До того были уверены в своем торжестве над ним его победители — да что над ним, над чем-то существенным и высоким, в чем он, Шеврикука, потряхивался мелким камушком, — что позволили дать ему очнуться, а самим себе — повести над ним (может, потому и оставили его — пока! — внемлющим звуки и беззвучие) громкий и необязательный для их дел разговор, наверняка все уже было обусловлено и определено. Но этот разговор с хохотом и паузами был обязателен и мил для продолжения их победительских удовольствий. А после — пусть он слушает тишину и то, как скребется мышь. Потом раздастся писк и все будет кончено. Ему же даже и скрестись не позволено, если только в мыслях, писк же его услышат лишь они.

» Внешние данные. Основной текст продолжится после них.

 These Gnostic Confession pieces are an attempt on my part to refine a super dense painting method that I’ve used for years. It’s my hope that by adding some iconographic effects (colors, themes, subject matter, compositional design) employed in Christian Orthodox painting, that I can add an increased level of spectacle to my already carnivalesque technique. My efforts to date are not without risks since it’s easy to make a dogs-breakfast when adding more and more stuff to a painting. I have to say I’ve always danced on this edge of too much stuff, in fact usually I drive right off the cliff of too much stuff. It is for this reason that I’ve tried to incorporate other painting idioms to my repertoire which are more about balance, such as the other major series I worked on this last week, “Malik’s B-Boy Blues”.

О, если бы его услышал сейчас кто другой! Но кто этот другой? К кому, если он, Шеврикука, не утерял еще способность к произнесению звуков, а лучше бы — и к посылам тайных сигналов, он мог сейчас воззвать о помощи, кого бы мог молить о подмоге и пособлении во спасение? Никого, понял Шеврикука. Гордость и стыд не позволили бы ему призывать в дом Тутомлиных (да и у Тутомлиных ли он сейчас находится?) никого. Сам угодил. Сам угодил. Сам Да и утруждать соприкосновением с его частным предприятием лиц, к нему непричастных, было бы делом скверным. И уж совсем скверно случилось бы, если бы его мольбы почувствовали и раскусили его торжествующие злыдни, к кому он угодил, волоча добычу. Да и вдруг среди этих неведомых злыдней помещался и кто-либо из тех, на чье участие рассчитывал теперь Шеврикука. Могло быть и такое! Могло! Мысли об этом были печальней кончинного писка предусмотренной для него мыши.

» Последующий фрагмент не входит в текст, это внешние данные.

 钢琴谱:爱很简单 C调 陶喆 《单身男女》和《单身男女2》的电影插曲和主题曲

Пытаясь превратить обрывки скачущих мыслей в нечто протяженное и имеющее форму, Шеврикука вспомнил, между прочим, о том, что в укрытии графа Федора, до того как быть признанным буйным и стать спеленутым, он сумел что-то и куда-то припрятать («затырить» — дернулось мальчишеское). Что и куда, уже не зная, попробовал восстановить знание. Но тут же приказал себе не делать этого. Мысли его могли читать, а злыдням, может, не терпелось проведать: что и куда. Некие неуюты тяготили его правую ногу. Один неуют — в самом низу, другой — возле кармана штанов. «А-а! — сообразил Шеврикука. — Соска-затычка Увеки, переданная якобы от Отродий Башни… Эх, сунуть бы сейчас затычку в правое ухо, какой-никакой, а возник бы контакт хотя бы и с Отродьями…» Но чтобы извлечь предмет из штанов и отправить его к уху, должно было всего-навсего освободить от веревок правую руку. Поерзав, Шеврикука ощутил под собой твердости, тупые, но крепкие, и потихоньку стал двигать плечом, в надежде хоть одну веревку перетереть.
Усилия его были замечены, и Шеврикуку лишили сознания вновь.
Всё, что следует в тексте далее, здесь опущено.